Málaga is the economical capital of Andalusia but, in many ways, the Capital of the Costa del Sol is also a ghost town. An abandoned city due to the incompetence of the Junta de Andalucia. When most people walk thorugh the historic centre of Malaga, they notice thousand of tourists mixing with the locals in a night out. But they can see too that Malaga has a lot of valuable buildings which future is quite uncertain. Abodoned treasures. Lets remember that the Roman theatre of Malaga remained hidden underground for many centuries. The theather lies at the foot of the Alcazaba fortress in the west ern part of the city. It was discovered in 1951. When the Junta took over the power in the region, they promised to restore the theatre in 1992. It goes without saying that their restoration by the Andalusians finshed in 2008.
San Agustin school is another ghost buildings in the heart of the city, in calle San Agustin, on the route to the Picasso Museum. This former convent and Fine arts Faculty is waiting for a works license to convert it into the State Public Library of Malaga. The investments costs 15 million euros to restore and adapt the building into the home of documentation. So not many people is optimistic about a quick restoration.
The Cister Convent or Abbey of Santa Ana is also waiting for an ownership dispute to be resolved. The building is the venue of the Museum Sacred Art which the Town Hall created some years ago. It was open for three years, between 2007 and 2010. During that period the Junta de Andalucia tried to steal the museum to the malagueños. The did have a project to send the collection to Seville. They also try to convince the Baronesse Thyssen, Carmen Cervera, to bring the Collection to Seville and not to Málaga. That time, the Capital of the Costa del Sol won the battle. Nowadays the Thyssen Museum can be visited in Malaga.
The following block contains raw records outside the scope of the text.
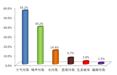 大气污染举报中,反映烟粉尘的举报最多,占涉气举报的41.8%,其次为恶臭/异味及工业废气的举报,分别占涉气举报的41.4%和27.1%。噪声污染举报中,反映建设施工噪声污染的举报最多,占噪声举报的46.5%,其次为反映工业噪声的举报,占29.8%。水污染方面,反映工业废水污染的举报最多,占涉水举报的58.4%。
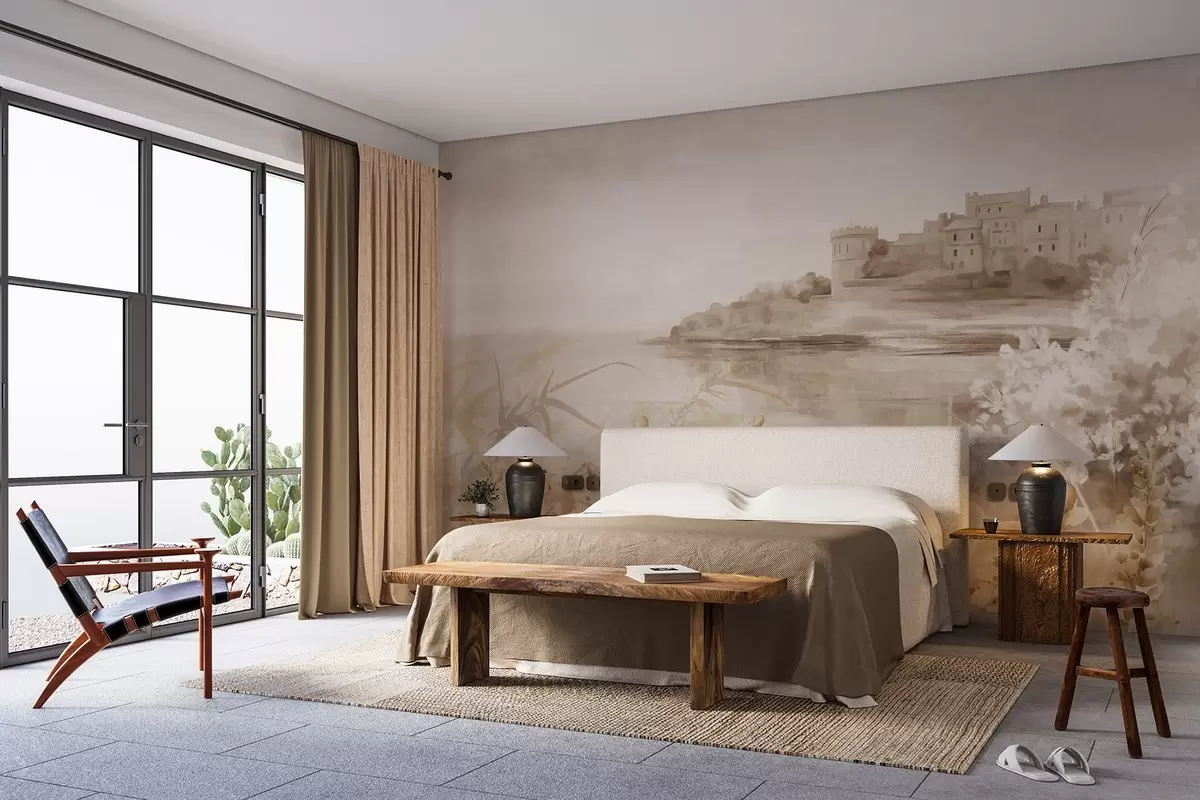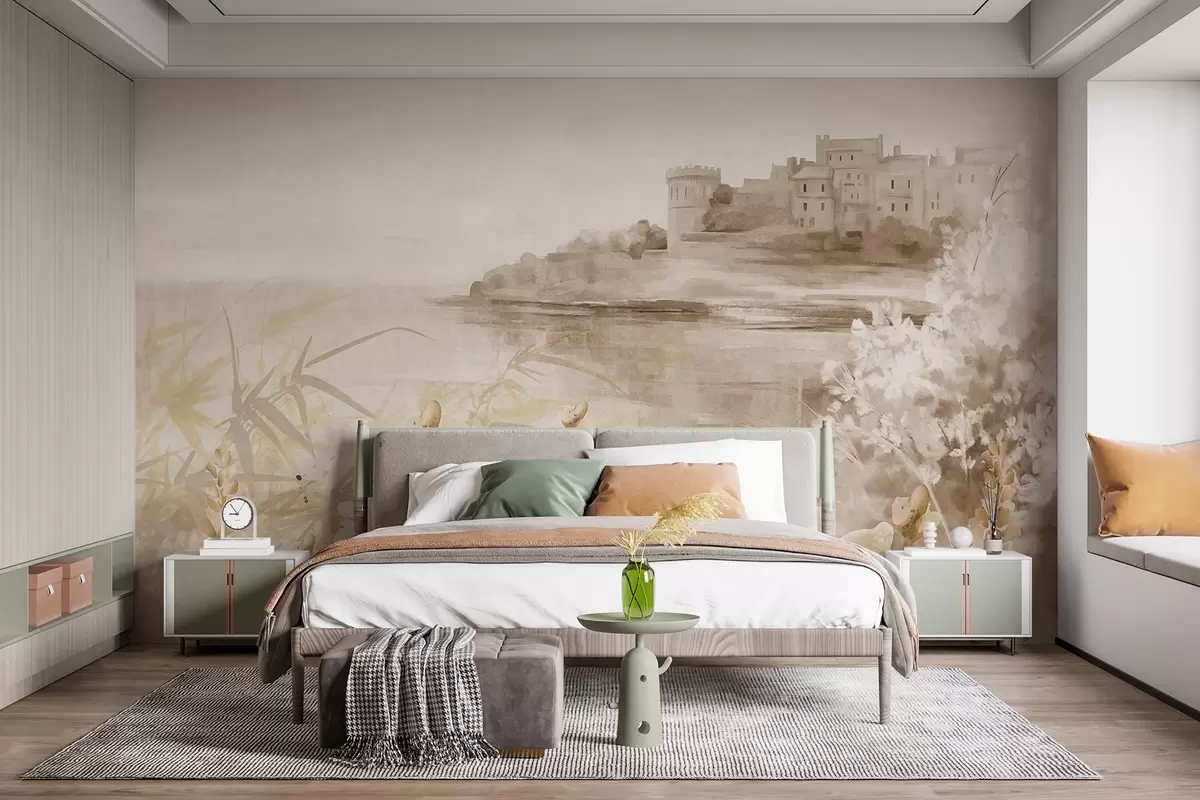 Тапете за зид Текстурирани старински пејзаж са замком на литици са погледом на море, са цветовима лаванде у пригушеним бојама бр. w08975v1
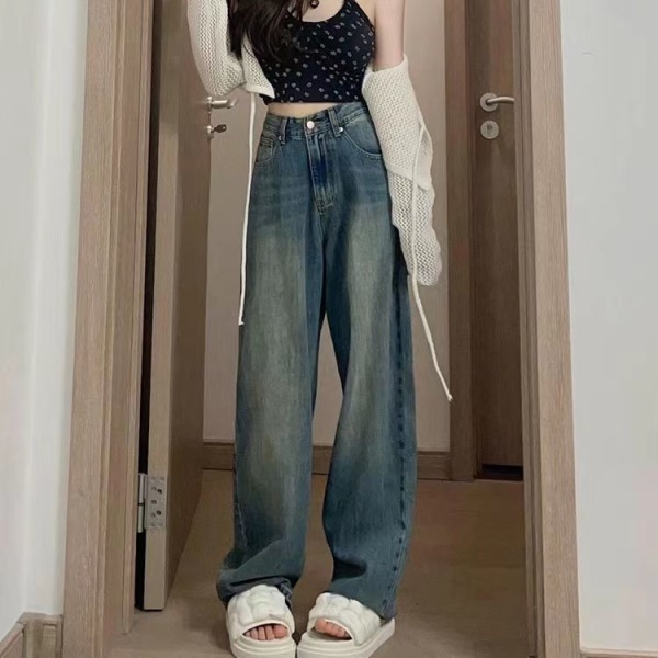 水洗复古阔腿牛仔裤女春秋新款韩系港风宽松高腰显瘦直筒拖地裤子
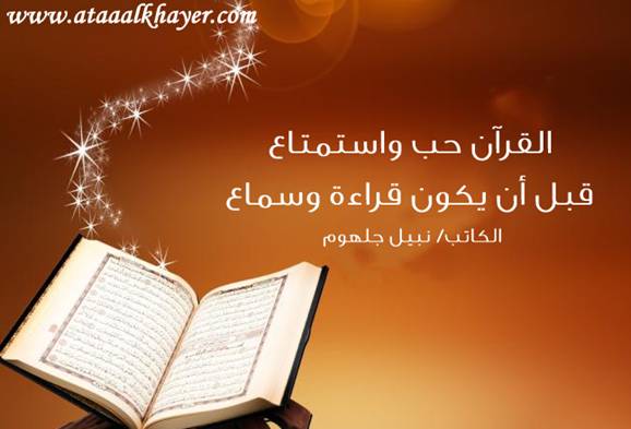 الأخ الأستاذ / نبيل جلهوم عضو جمعية الكُتَّاب ببيت عطاء الخير عضو إتحاد الكتّاب و المثقفين العرب - مصر عضو رابطة أدباء الشام – لندن عضو الإتحاد العالمى للشعراء والمبدعين العرب القرآن حب واستمتاع |
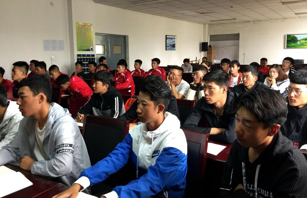 为贯彻落实党的十九大精神,深刻领会习近平新时代中国特色社会主义思想和基本方略,切实提高广大青年党员、团员的政治素养, 9月14日上午8:30,体育教学部(足球学院)党总支书记、院长田瑞峰在体育馆二楼多媒体教室作了关于“习近平新时代中国特色社会主义思想和基本方略”的专题学习讲座,体育教育专业(足球方向)学生认真聆听,积极学习。
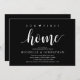 Our new home, housewarming party invitation card. Planning a housewarming party in celebrating your new home with your family and friends? Invite your guests with this housewarming party invitation card, in beautiful and perfect Rustic script, classy black themed.
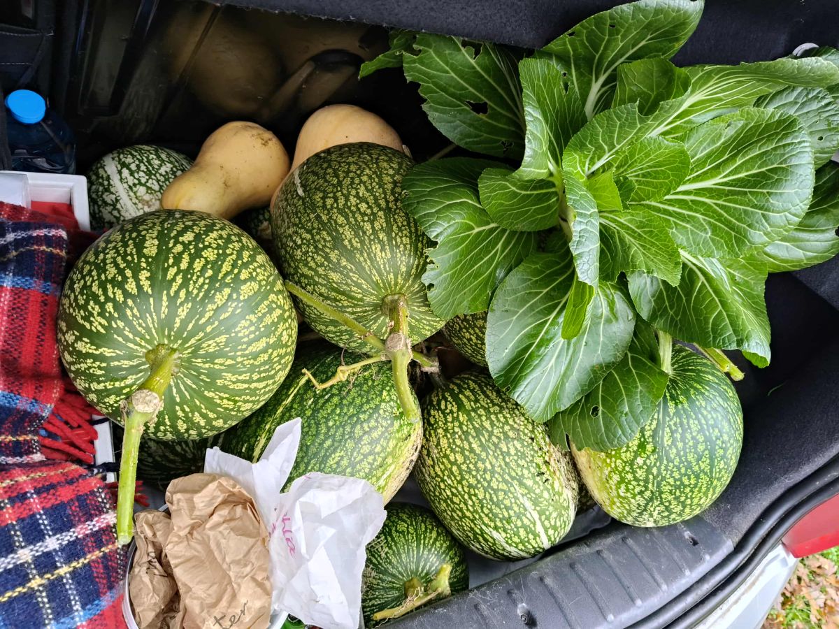 Even snel een uurtje naar de tuin omdat het komende week wel erg koud wordt aan de grond. De laatste chayotes, paprikas, pepers en pompoenen geoogst. Ook een deel van de planten weggehaald, rest komt later wel. Ook de yakon in de gaten houden nu, de blaadjes beginnen te verdorren en misschien komende week vorst aan de grond. Alles loopt nu wel op z’n eindje. Nu nadenken wat te doen met alle pompoenen, helaas blijkt de kruipruimte te vochtig. We hebben geen kelder.
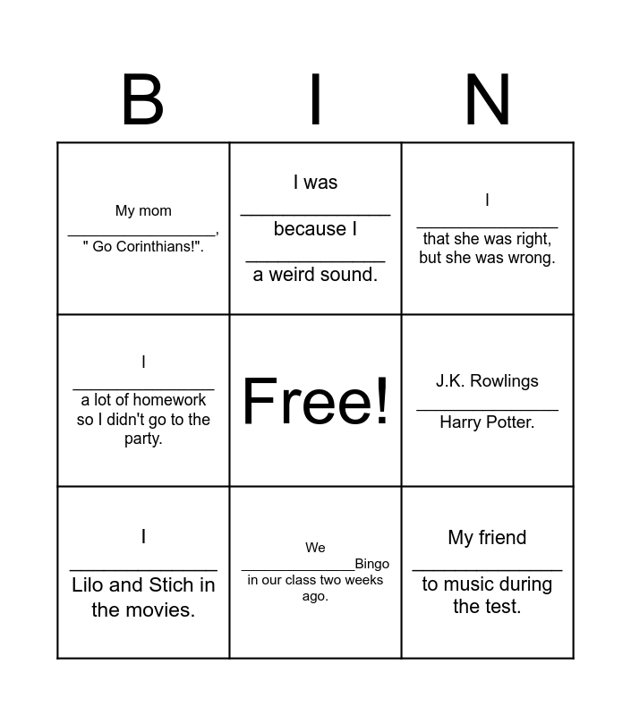 This bingo card has a free space and 13 words: I _________ a new car last year., We ___________ to the mall to buy new shoes., I _____________ Lilo and Stich in the movies., I was ______________ because I _____________ a weird sound., I ________________ a lot of homework so I didn't go to the party., My friend ______________ to music during the test., The girl ________________ a beautiful dress for her birthday party., My English teacher ______________ his back when he fell., We _______________Bingo in our class two weeks ago., My mom __________________, " Go Corinthians!"., J.K. Rowlings _______________ Harry Potter., I ________________ that she was right, but she was wrong. and My friend _______________ me a video of a dog laughing..
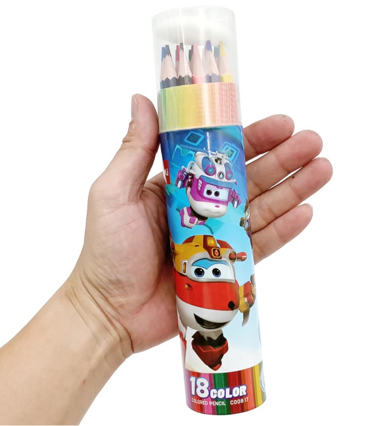 Bút chì màu 18 màu Deli EC00817 - Họa tiết Super Wings kèm gọt chì (C00817)
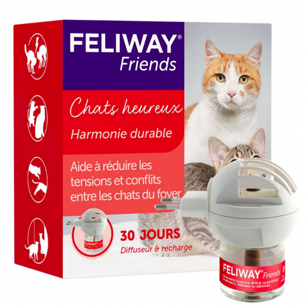 FELIWAY Friends aide vos chats à mieux s’entendre à la maison. Son effet continu assure une bonne entente permanente.
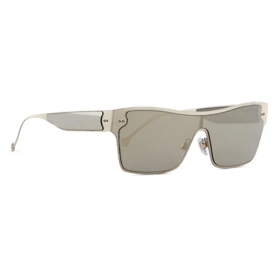 An expression of the avant-garde elegance of Giorgio Armani design, this contemporary sun model reinterprets the refined aesthetics of the brand in a bold and modern key.
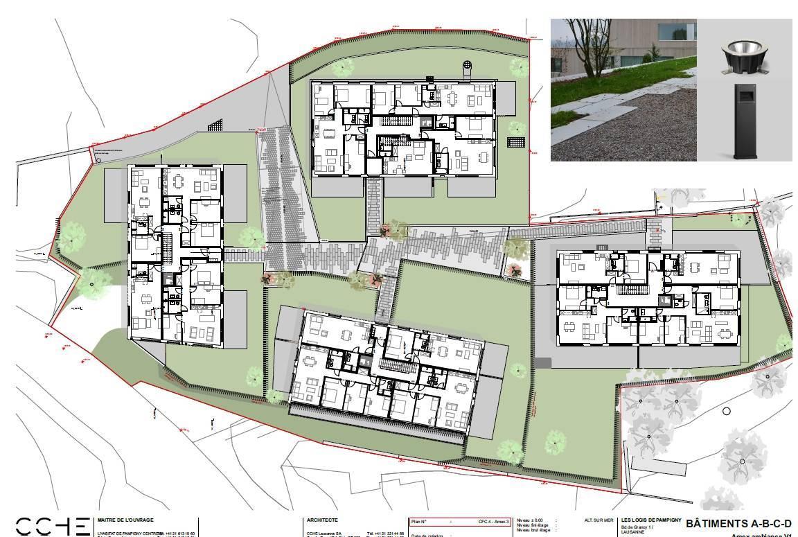 Situés en plein centre du village, proche des commoditées (gare BAM ; Denner ; école ; restaurant ...) Les Logis de Pampigny s'intègrent en parfaite harmonie à l'architecture locale. Le projet tire parti de la topographie du site en allant chercher les ouvertures et les dégagements sur cet environnement magnifique.

Hospital de Santo Tomas is part of the legacy that the Catholic Monarchs left in Málaga. It has a lovely chapel where the locals used to get married in the past. Located to the opposite entrance to the Sagrario church, beside the imposing Cathedral, it has been closed for many years. The incopetent andalusian politicians presented years ago some plans to convert the building into a cultural centre, but nobody knows what will happen now. The building is valuable not only for its architecture but also because of the chapel, with its 16th coffered ceiling.
Some voices has been raised in the city against the policy of the Junta towards Malaga, but urgent actions hast to be taken if we want to restore part of our heritage. Anyway, taking a walk in the beautiful streets of Malaga is an experience not much difference from the first time you make love.